Что такое Дантов «Ад» в только художественной оценке людей нашего времени? Дикая легенда Средних веков, нечто подобное орудию инквизиционной пытки; как бы черный, обугленный и окровавленный кол, увитый вязью таких неувядаемо свежих и благоуханных цветов, как Франческа да Римини, Улисс, Капаней, Фарината, Уголино. Снять бы цветы и уничтожить кол. Но этого сделать нельзя, потому что корни цветов, каким-то чудом, вросли в него так, что оторвать их от него нельзя, не убив. Только ради этих цветов сохраняется кол; ложная религия Данте прощается ему ради истинной поэзии. Вот что такое Дантов «Ад», в нелицемерной художественной оценке наших дней. Но, может быть, в оценке религиозной, он будет чем-то совсем иным, и только поняв, чем он будет, мы поймем, что сделал Данте.
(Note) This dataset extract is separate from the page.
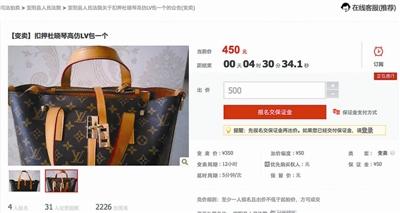 截至下午5時30分,這件“高倣LV包”已獲得網友2226次圍觀,有4人參與競拍。北青報記者注意到,這件“高倣LV包”原本變賣價為350元,每次加價幅度為50元,當天下午5時30分,這件物品已被競價至450元。

Внутреннее содержание «Комедии» так же, как и внешняя форма – язык, – простонародно, vulgare. Данте для образов «Ада» заимствовал то, что мог слышать от простых людей, на площадях и улицах. Если те две веронские женщины, которые думали, что Данте сходил заживо в Ад, так хорошо понимали и так простодушно верили ему, то потому, что он говорил с ними на их языке, их глазами видел, их сердцем чувствовал. Гордый Данте и здесь смиряется; в духе благороднейший из благородных, избраннейший среди избранных, он идет ко всем, потому что знает, что сказанное – сделанное им – нужно для всех.
Но будучи почти столь же великим для своего времени ученым, как художником, и обладая таким научным ясновидением, что уже предчувствовал, может быть, Ньютонов закон мирового тяготения[8], мог ли Данте верить, что Сатана, падая с неба, пробил теменем воронкообразную, до центра земли уходящую дыру – Ад; и что этим падением устрашенные воды морей схлынули с гемисферы северной в южную, обнажая материки на той и затопляя их на этой, и что телом Сатаны выдавленная земля образовала на южном полюсе остроконечную, как еловая шишка, гору Чистилища?[9]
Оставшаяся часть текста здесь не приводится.